Over the past seven years, more than 32,000 professionals worldwide have taken part in the Accelerate State of DevOps reports, making it the largest and longest-running research of its kind. Year over year, the Accelerate State of DevOps reports provide data-driven industry insights that examine the capabilities and practices that drive software delivery as well as operational and organizational performance. That is why Google Cloud’s DevOps Research and Assessment (DORA) team is very excited to announce our 2021 Accelerate State of DevOps Report.

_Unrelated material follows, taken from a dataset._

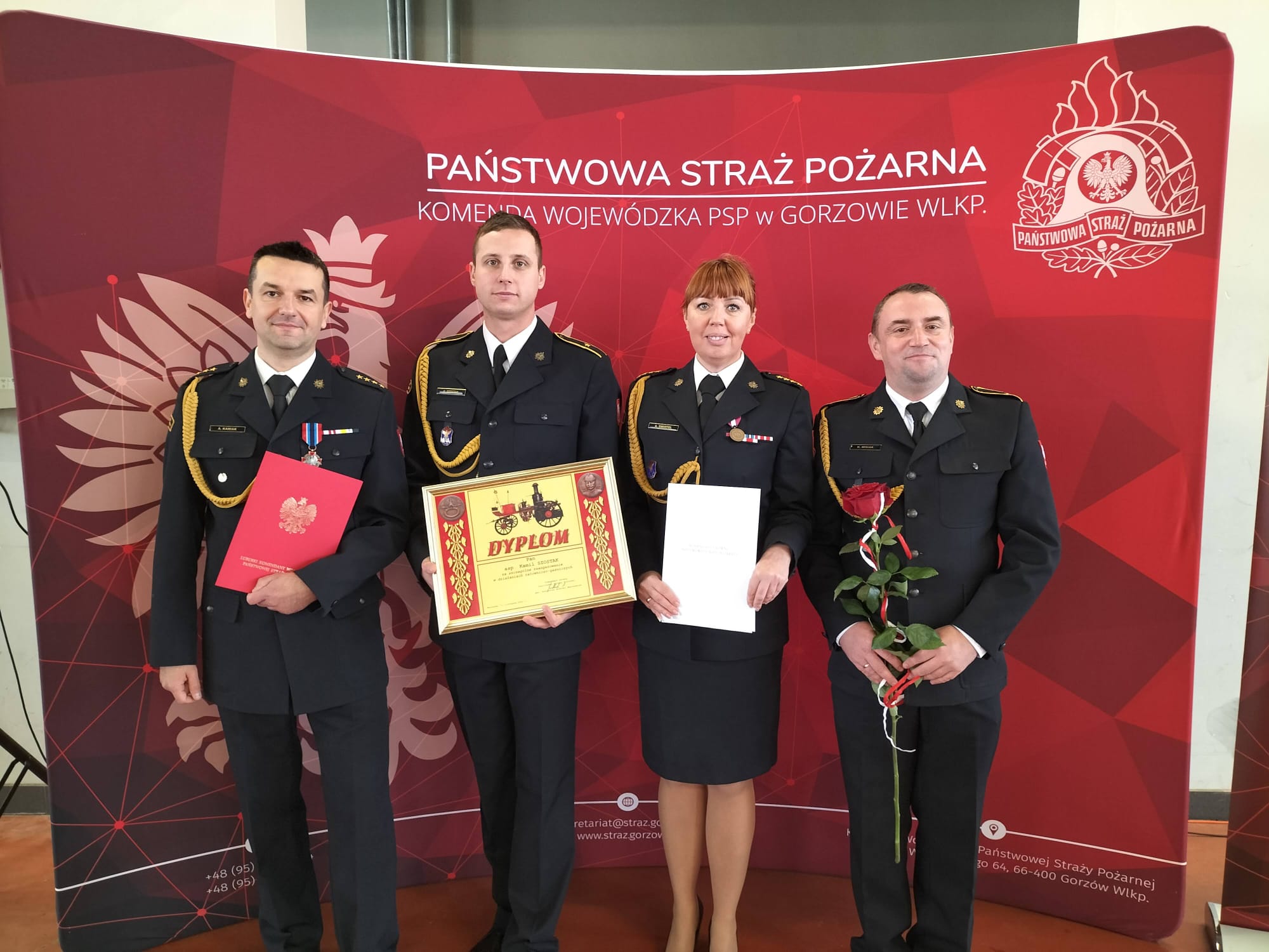 Przedstawiciele Komendy Miejskiej PSP w Zielonej Górze odebrali podziękowania za zaangażowanie w prace na rzecz edukacji dzieci i dorosłych w zakresie bezpieczeństwa, a mł. asp. Krystian Misiak oraz mł. asp. Maciej Solarek odebrali pamiątkowe dyplomy od Komendanta Głównego PSP gen. brygadiera Andrzeja Bartkowiaka za wzorową postawę i osiągnięcia w realizacji zadań służbowych.
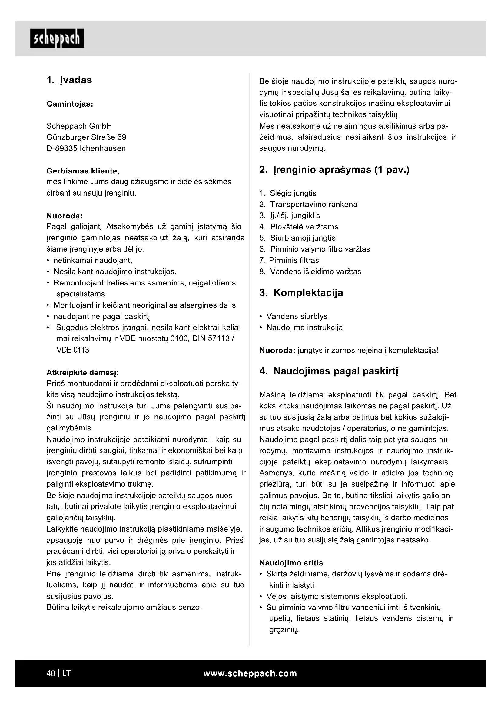 - Sugedus elektros įrangai, nesilaikant elektrai kelia- mai reikalavimų ir VDE nuostatų 0100, DIN 57113 / VDE 0113 Atkreipkite dėmesį: Prieš montuodami ir pradėdami eksploatuoti perskaity- kite visą naudojimo instrukcijos tekstą. Ši naudojimo instrukcija turi Jums palengvinti susipa- žinti su Jūsų įrenginiu ir jo naudojimo pagal paskirtį galimybėmis. Naudojimo instrukcijoje pateikiami nurodymai, kaip su įrenginiu dirbti saugiai, tinkamai ir ekonomiškai bei kaip išvengti pavojų, sutaupyti remonto išlaidų, sutrumpinti įrenginio prastovos laikus bei padidinti patikimumą ir pailginti eksploatavimo trukmę. Be šioje naudojimo instrukcijoje pateiktų saugos nuos- tatų, būtinai privalote laikytis įrenginio eksploatavimui galiojančių taisyklių. Laikykite naudojimo instrukciją plastikiniame maišelyje, apsaugoję nuo purvo ir drėgmės prie įrenginio. Prieš pradėdami dirbti, visi operatoriai ją privalo perskaityti ir jos atidžiai laikytis. Prie įrenginio leidžiama dirbti tik asmenims, instruk- tuotiems, kaip jį naudoti ir informuotiems apie su tuo susijusius pavojus. Būtina laikytis reikalaujamo amžiaus cenzo.www.scheppach.com

Our research continues to illustrate that excellence in software delivery and operational performance drives organizational performance in technology transformations. This year we also investigated the effects of SRE best practices, a secure software supply chain, quality documentation, and multicloud—all while gaining a deeper understanding of how this past year affected team’s culture and burnout.
Read below to find some of the new findings from this year’s report:
Based on key findings from previous Accelerate State of DevOps reports, we again used four metrics to classify teams as elite, high, medium or low performers based on their software delivery: deployment frequency, lead time for changes, mean-time-to-restore, and change fail rate. This year we saw that elite performers continue to accelerate their pace of software delivery, increasing their lead time for changes from less than one day to less than one hour. Not only that, but elite performers deploy 973x more frequently than low performers, have a 6570x faster lead time to deploy, a 3x lower change failure rate, and an impressive 6570x faster time-to-recover from incidents when failure does happen. You read that right: compared to low performers, elite performers are continually able to empirically demonstrate organizational success with DevOps.

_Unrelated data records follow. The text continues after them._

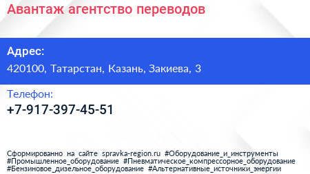 Авантаж, агентство переводов по адресу 420100, Татарстан, Казань, Закиева, 3 в дальнейшем Организация, размещена в следующих категориях:
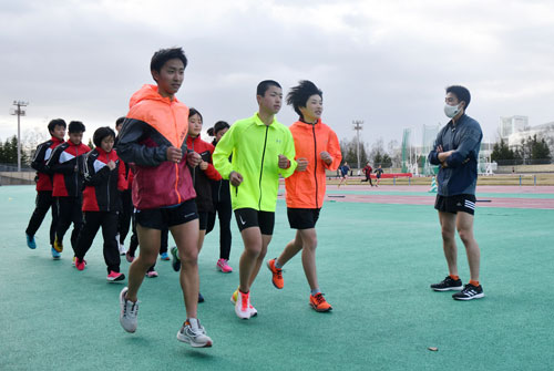 [写真/釧路陸協のトレーニング講習会では、助言をする指導者はマスク着用 ]
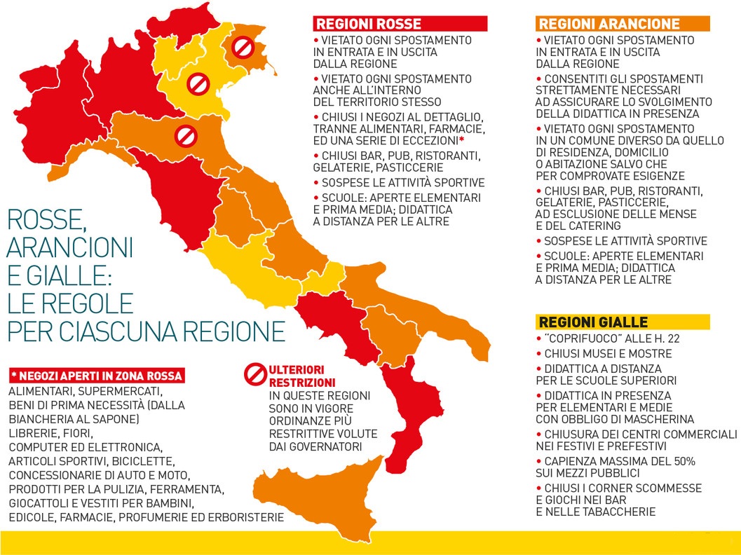 Per le regioni nelle zone arancioni e rosse, dove si parla rispettivamente di rischio moderato e di grave criticità, si applicano ordinanze ad hoc del ministero della salute. In quella arancione sono previste tutte le limitazioni delle zona gialla, con interventi lievemente meno restrittivi rispetto alla zona rossa. Questa è la più rigida dove chiudono tutti i negozi ad eccezione di librerie, fiori, computer ed elettronica, articoli sportivi, biciclette, concessionarie di auto e moto, i negozi che vendono prodotti per la pulizia, i ferramenta, i negozi di giocattoli e vestiti per bambini, le edicole, le farmacie, le profumerie e le erboristerie.
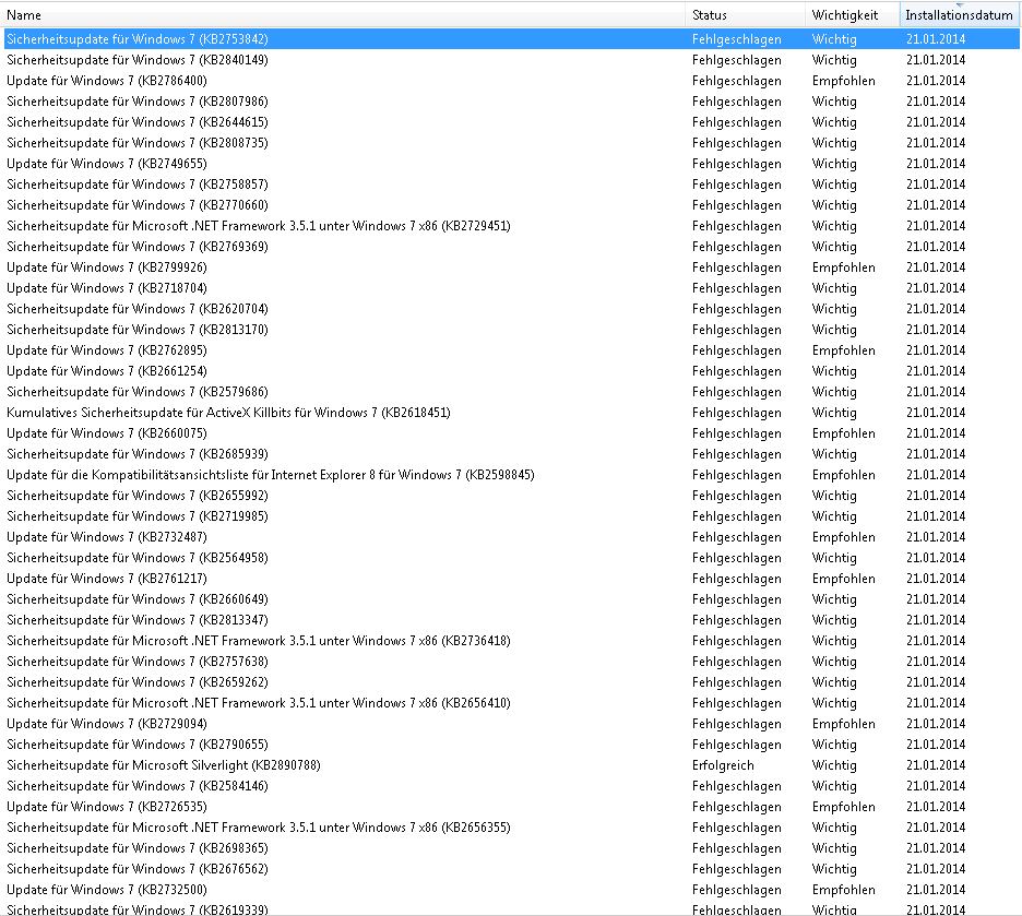 Ich habe bereits das Windows Update Fix-It mehrmals ausgeführt, mit folgendem Resultat:
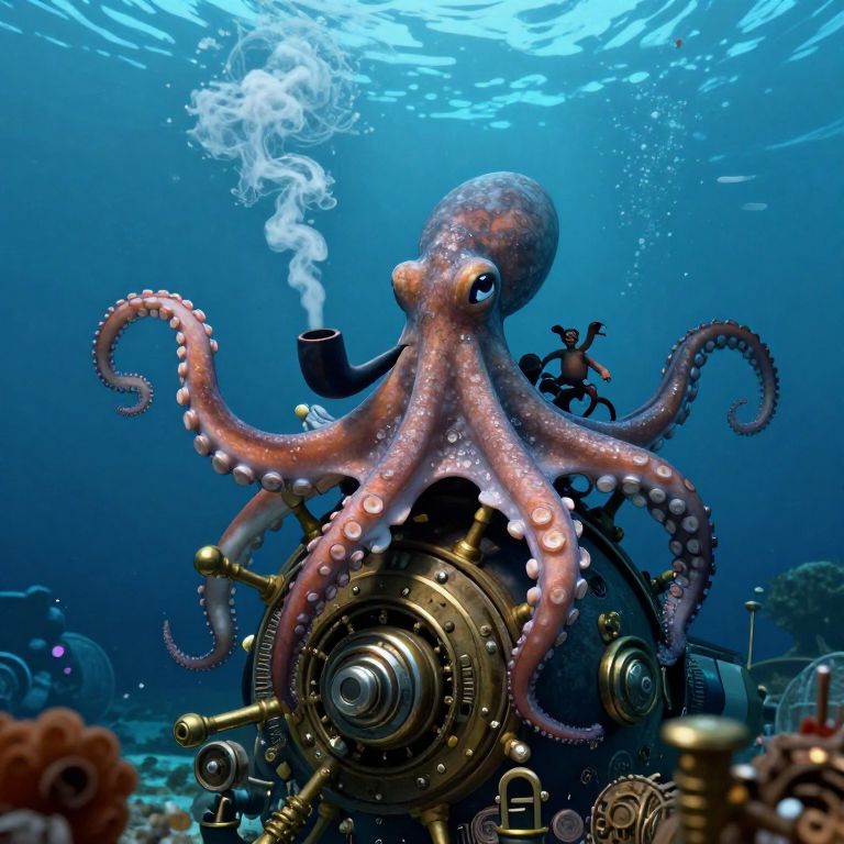 An octopus with a smoking pipe and a small figure on its back stands at the helm of a submarine, surrounded by underwater details and intricate machinery.

Historically we have measured availability rather than reliability, but because availability is a specific focus of reliability engineering, we’ve expanded our measure to reliability so that availability, latency, performance, and scalability are more broadly represented. Specifically, we asked respondents to rate their ability to meet or exceed their reliability targets. We found that teams with varying degrees of delivery performance see better outcomes when they also prioritize operational performance.

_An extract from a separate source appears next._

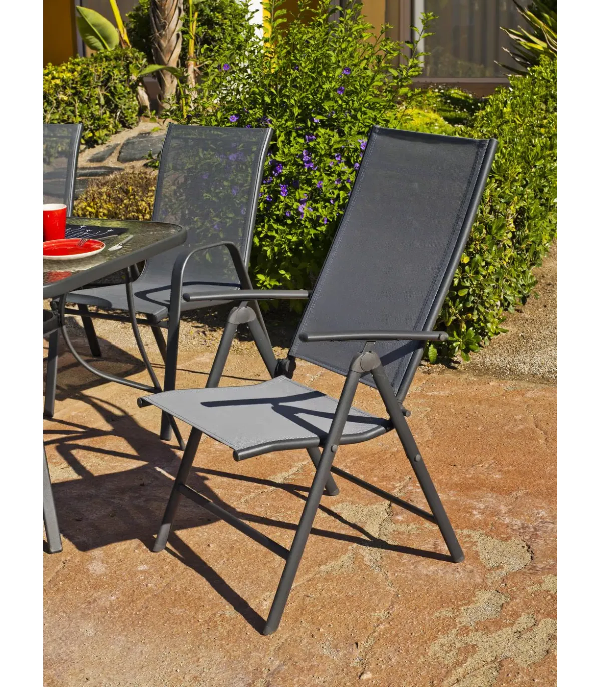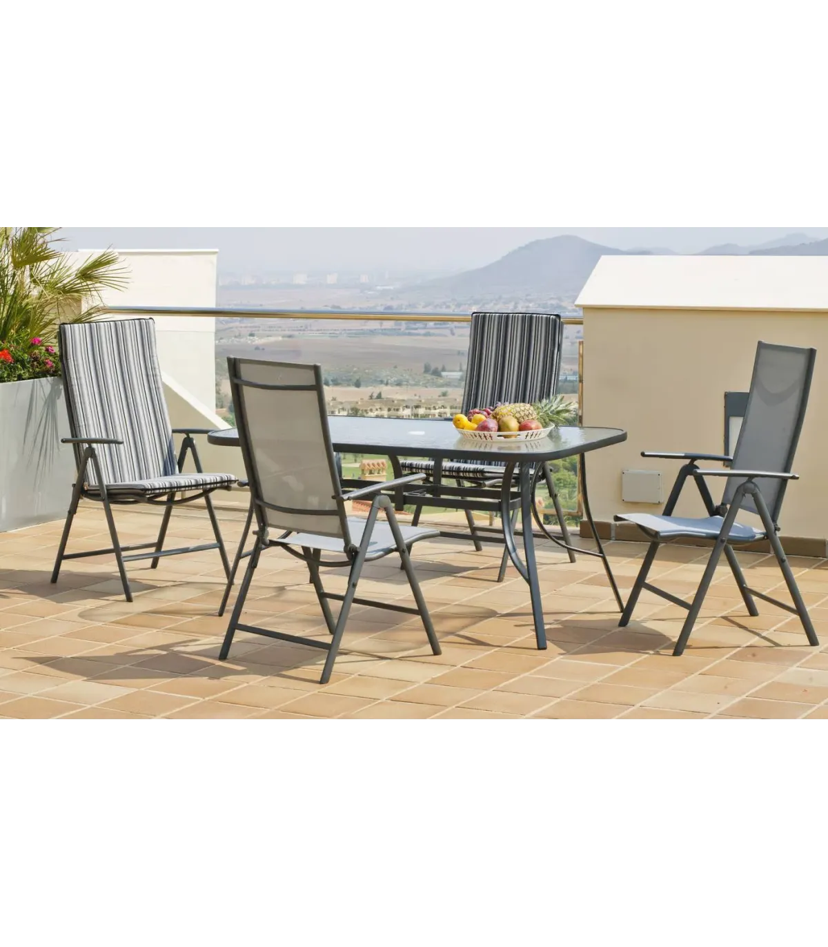 Mesa em aço Sulam-151/4TB + conjunto de 4 espreguiçadeiras em acabamento cinza antracite.

In addition to measuring the impact of DevOps adoption on software delivery performance, this year’s DORA report also revealed many other new trends. Here’s a sampling.
1) A healthy team culture mitigates burnout during challenging times
Respondents who worked from home because of the pandemic experienced more burnout than those who stayed in the office (a small portion of our sample). Inclusive teams with a generative culture were half as likely to experience burnout during the COVID-19 pandemic.
2) The highest performers continue to raise the bar
For the first time, high and elite performers make up two-thirds of respondents—compared to the 2019 report where low and medium performers made up 56% of respondents. We can confidently say that as the industry continues to accelerate its adoption of DevOps principles teams see meaningful benefits as a result.
3) SRE and DevOps are complementary philosophies
Extending from its core principles, Site Reliability Engineering (SRE) provides practical techniques, including the service level indicator/service level objective (SLI/SLO) metrics framework. The SRE framework offers definitions on practices and tooling that can enhance a team’s ability to consistently keep promises to their users. Teams that prioritize both delivery and operational excellence report the highest organizational performance.